Lors de l'audience en référé, le 13 janvier, Aéroports du Grand Ouest (AGO), filiale du groupe Vinci et concessionnaire du futur aéroport, avait demandé l'expulsion immédiate des onze familles et quatre agriculteurs, opposants historiques au projet, assortie d'une astreinte journalière de 200 à 1.000 euros.
Cette mesure d'astreinte, qui aurait pu conduire, si elle avait été décidée, à une asphyxie financière des personnes visées et les contraindre au départ sans intervention des forces de l'ordre, a en revanche été écartée par le juge Pierre Gramaize. "Le principe de l'astreinte n'était pas justifié" car elle est "disproportionnée pour des familles qui ne disposent que de revenus modestes", a-t-il expliqué.
Le juge a néanmoins déclaré que "l'évacuation (pouvait) commencer pour les exploitations agricoles" et pour les familles non concernées par le délai de deux mois accordé à huit d'entre elles.
Un important dispositif de forces de l'ordre était présent lundi autour du palais de justice de Nantes devant lequel étaient rassemblés plusieurs centaines d'opposants à l'aéroport, venus en soutien aux familles et exploitants expulsés, qui ont accueilli le jugement aux cris de: "On ne lâche rien!".
S'exprimant au mégaphone devant les opposants, dont certains grimés en clown, Julien Durand, porte-parole de l'Acipa, principale association d'opposants au projet d'aéroport, a supplié le président de la République: "(François) Hollande, parle enfin, avant que l'irréparable se fasse à Notre-Dame-des-Landes! C'est cette semaine que tu dois prendre la parole!".
- "L?État fera face à ses responsabilités" -
L'avocat des expulsables, s'est néanmoins réjoui de la décision: "ils ont gagné deux mois. Après, l?État fera face à ses responsabilités", a déclaré Me Erwan Le Moigne. "C'est uniquement sur des mesures d'appel à la force publique que ces expulsions pourront se faire et non par la pression financière".
Le rassemblement d'opposants s'est dispersé sans incident.
Le Parti de Gauche par la voix de la secrétaire nationale à l'écologie Martine Billard a dénoncé cette décision dans un communiqué.
La procédure d'évacuation, cruciale pour le projet d'aéroport à Notre-Dame-des-Landes, a été relancée après l'annonce, le 30 octobre par l?État, de la reprise des travaux, suspendus depuis 2012.
Depuis la déclaration d'utilité publique en 2008, 244 personnes qui vivaient sur le site ont accepté de partir à l'amiable, rappellent les partisans de l'aéroport.
Mais les agriculteurs, qui ont refusé de vendre leurs terres à l'amiable, et les familles, anciens propriétaires ou locataires de maisons rétrocédées à AGO, pour certaines présentes depuis des générations sur la "Zad" (zone d'aménagement différé, rebaptisée "zone à défendre" par les opposants), ont assuré qu'ils ne "partiraient pas".

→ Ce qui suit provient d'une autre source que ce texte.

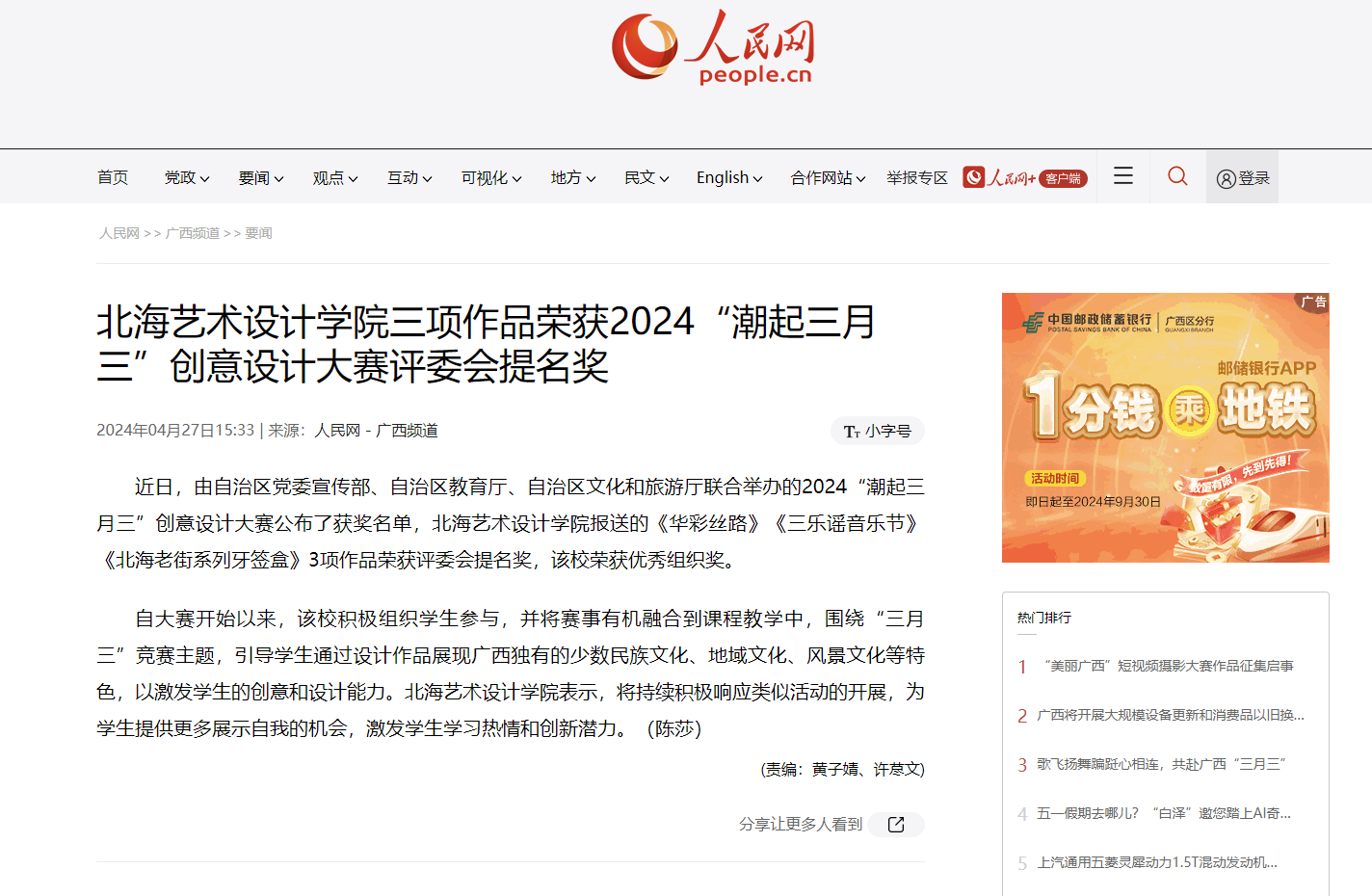 人民网:北海艺术设计学院三项作品荣获2024“潮起三月三”创意设计大赛评委会提名奖
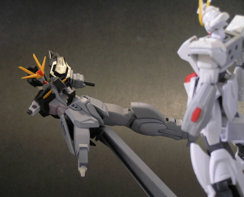 ■ STAGE3にて、大破したストライクノワールと邂逅するシーンを再現してみました。コクピットは展開状態で固定しています。
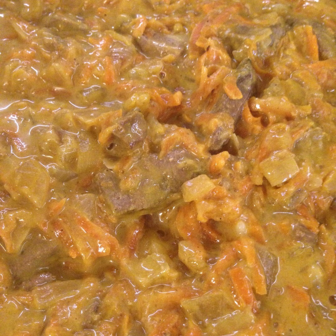 Тушить печень с подливой на слабом огне минут 5-7, временами помешивая.
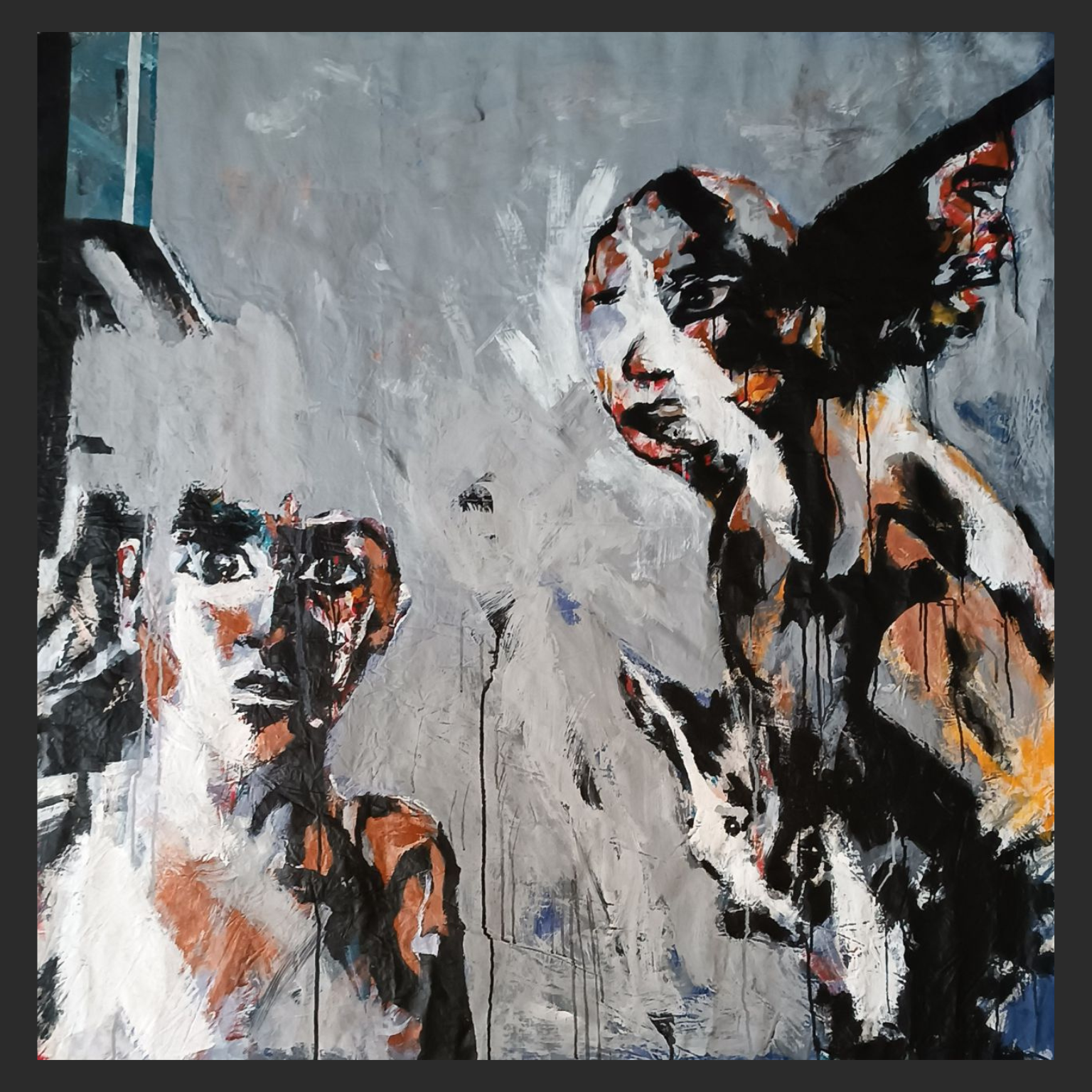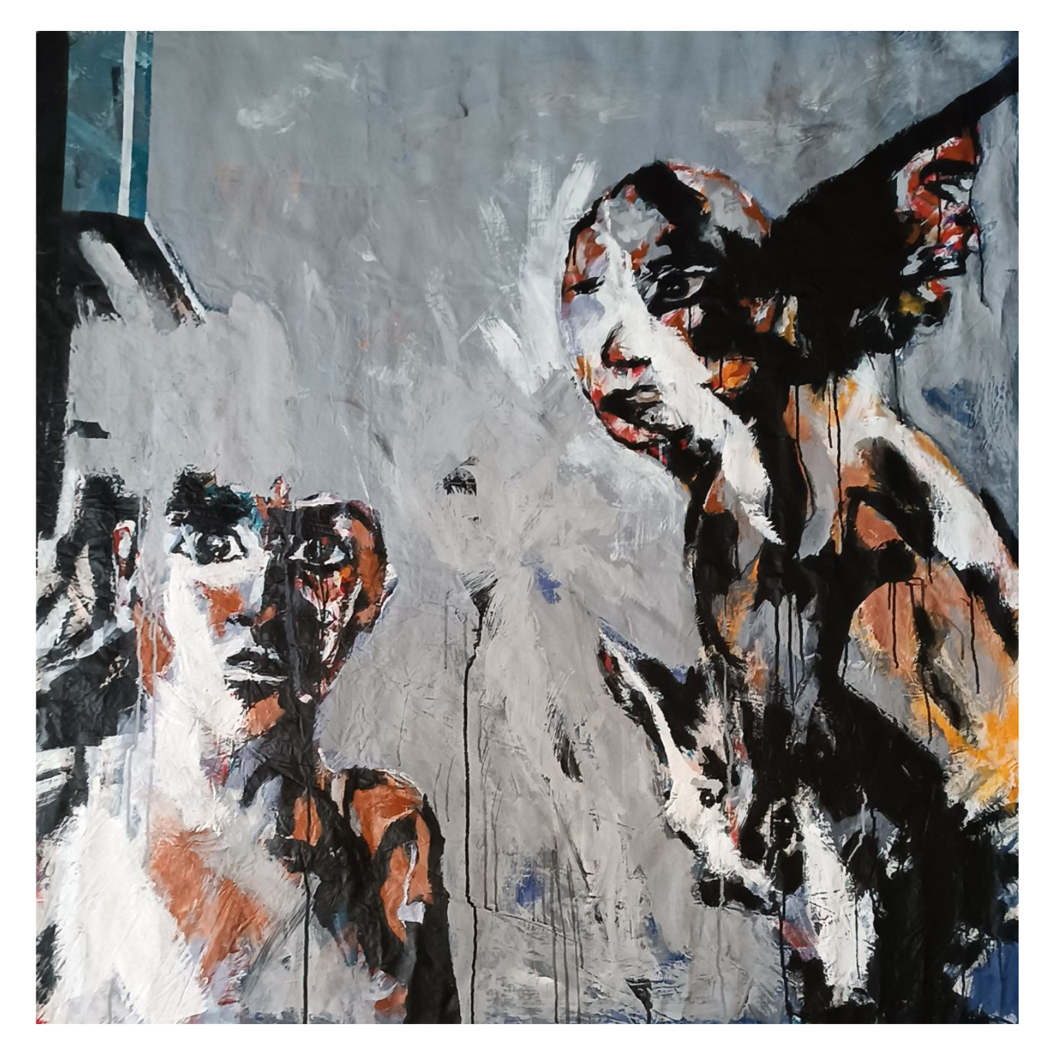 Description: This painting evokes a distant period, where space is dominated by shades of grey and dusty light. Within the portraits, hints of brown and red emerge — some more vibrant than others — yet the bright whites shine through and balance the weight. It is a meditation on stillness and memory, suspended in a muted emotional terrain.

Ils sont soutenus depuis début janvier par la reprise des mobilisations contre ce projet de transfert de l'actuel aéroport de Nantes-Atlantique vers le site de Notre-Dame-des-Landes.
Les élus de la commune de Notre-Dame-des-Landes ont voté mardi soir, lors d'un conseil municipal extraordinaire, une motion de soutien aux habitants "historiques", demandant à l?État de "surseoir à toute expulsion".
Les opposants au nouvel aéroport nantais accusent le président François Hollande d'avoir "trahi" son engagement, pris en 2012, de geler les expulsions tant que les recours déposés contre le projet n'auraient pas été épuisés, y compris les appels.
A l'inverse, pour les partisans du projet, collectivités locales en tête, les engagements pris "ont été scrupuleusement respectés", ceux-ci se limitant aux recours déposés avant le 4 mai 2012, date à laquelle l'accord a été signé.
Le transfert de l'actuel aéroport vers le site de Notre-Dame-des-Landes, un projet vieux de plus de 40 ans, devait initialement s'achever en 2017. Depuis une première tentative d'expulsion à l'automne 2012, interrompue pour laisser la place à une "commission de dialogue", le projet est en attente.